3. A composition according to claim 1 wherein NSAID can be selected from group consisting of celecoxib, rofecoxib, meloxicam, piroxicam, valdecoxib, parecoxib, etoricoxib, aceclofenac, aspirin, acetaminophen, ibuprofen, flurbiprofen, ketoprofen, naproxen, oxaprozin, etodolac, indomethacin, ketorolac, lornoxicam, nabumetone, or diclofenac and pharmaceutically acceptable salts thereof.
4. A composition according to claim 1 wherein enteric polymer can be selected from group consisting of cellulose acetate phthalate, hydroxypropyl methylcellulose phthalate, hydroxypropyl methylcellulose acetate succinate, alkali-soluble acrylic copolymer, polyvinyl acetate phthalate or mixtures thereof.
5. A modified release orally disintegrating tablet consisting of agglomerates
comprising:
a) one or more NSAIDs;
b) one or more enteric polymers;
c) one or more pharmaceutically acceptable excipients.

6. An orally disintegrating tablet according to claim 5 wherein the agglomerates are prepared using emulsion solvent diffusion technique.

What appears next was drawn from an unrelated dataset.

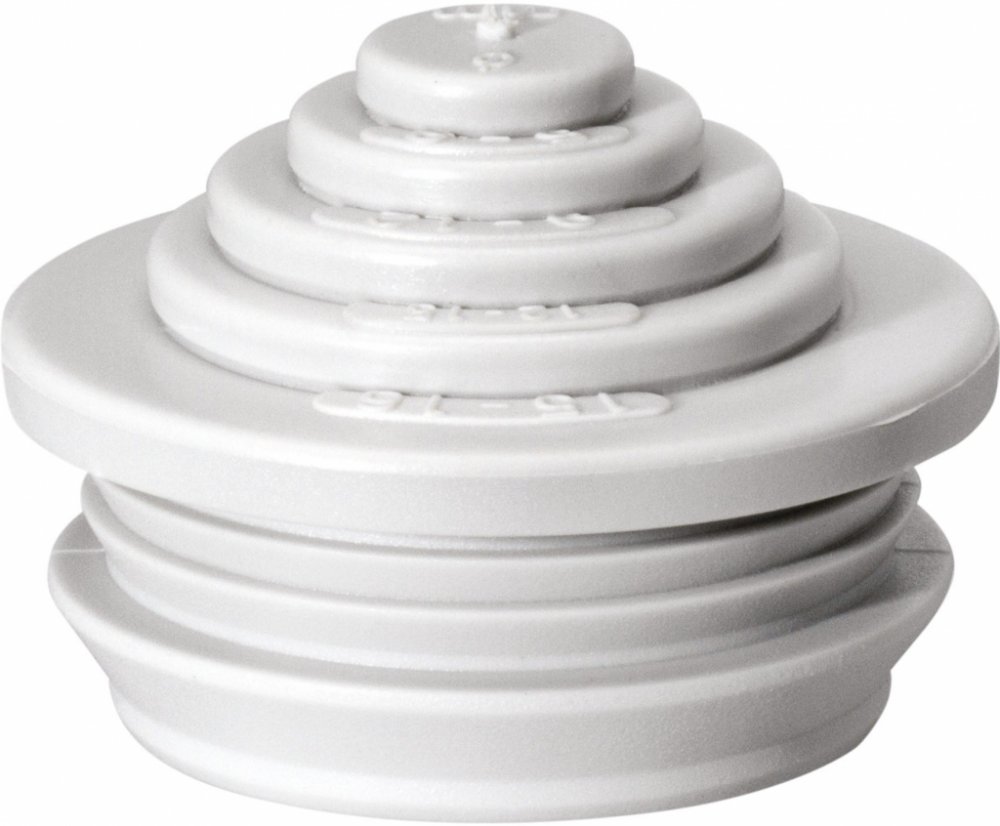 Stupňovitá vývodka, IP55, s uzavřenou těsnicí membránou, odříznutelná ve více stupních, termoplastický elastomer (TPE), pro tloušťky stěny 1,5-4mm, šedá, Rozsah těsnění 5-21mm

7. An orally disintegrating tablet according to claim 5 wherein NSAID can be selected from group consisting of celecoxib, rofecoxib, meloxicam, piroxicam, valdecoxib, parecoxib, etoricoxib, aceclofenac, aspirin, acetaminophen, ibuprofen, flurbiprofen, ketoprofen, naproxen, oxaprozin, etodolac, indomethacin, ketorolac, lornoxicam, nabumetone, or diclofenac and pharmaceutically acceptable salts thereof.

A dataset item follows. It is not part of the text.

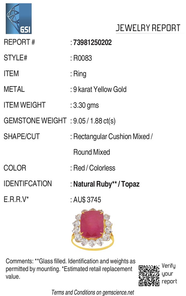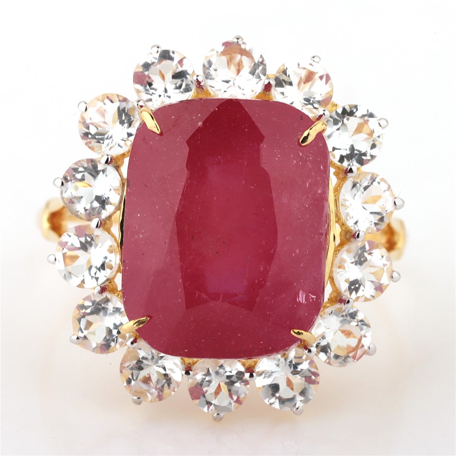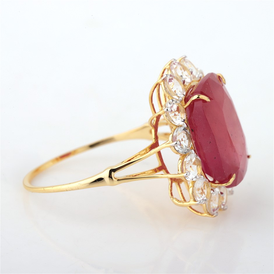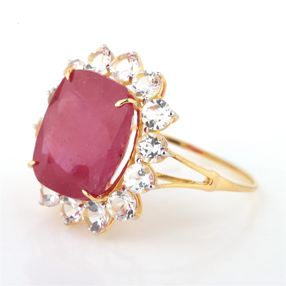Yellow Gold Natural Ruby / Natural White Topaz Ring Valuation

8. An orally disintegrating tablet according to claim 5 wherein enteric polymer can be selected from group consisting of cellulose acetate phthalate, hydroxypropyl methylcellulose phthalate, hydroxypropyl methylcellulose acetate succinate, alkali-soluble acrylic copolymer, polyvinyl acetate phthalate or mixtures thereof.

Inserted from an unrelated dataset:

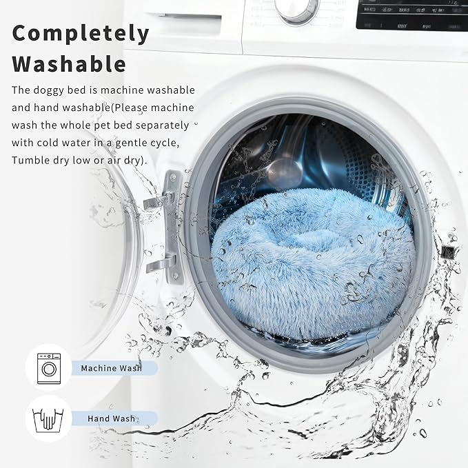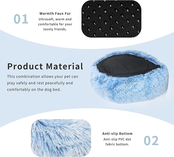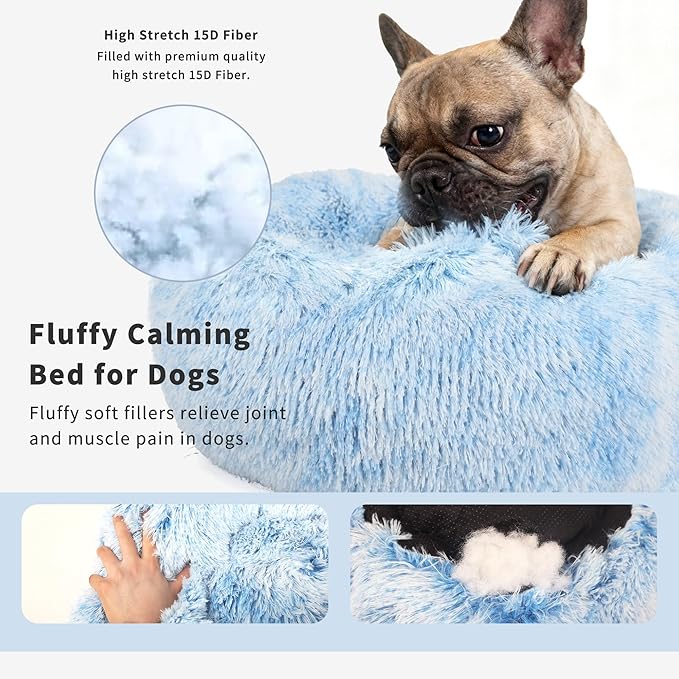 Blue Dog Bed for Small Dogs Fluffy Anti-Anxiety, Calming 23 inch Beds Washble Snuggle Safe Gradient Blue

9. A modified release orally disintegrating tablet consisting of agglomerates
comprising:
a) diclofenac or pharmaceutically acceptable salts thereof;
b) hydroxypropyl methylcellulose phthalate
c) one or more pharmaceutically acceptable excipients.
10. An orally disintegrating tablet according to claim 9 wherein the agglomerates are
prepared using emulsion solvent diffusion technique.
11. A modified release orally disintegrating tablet consisting of agglomerates
comprising:
a) ibuprofen or pharmaceutically acceptable salts thereof;

b) hydroxypropyl methylcellulose phthalate
c) one or more pharmaceutically acceptable excipients.
12. An orally disintegrating tablet according to claim 11 wherein the agglomerates are prepared using emulsion solvent diffusion technique.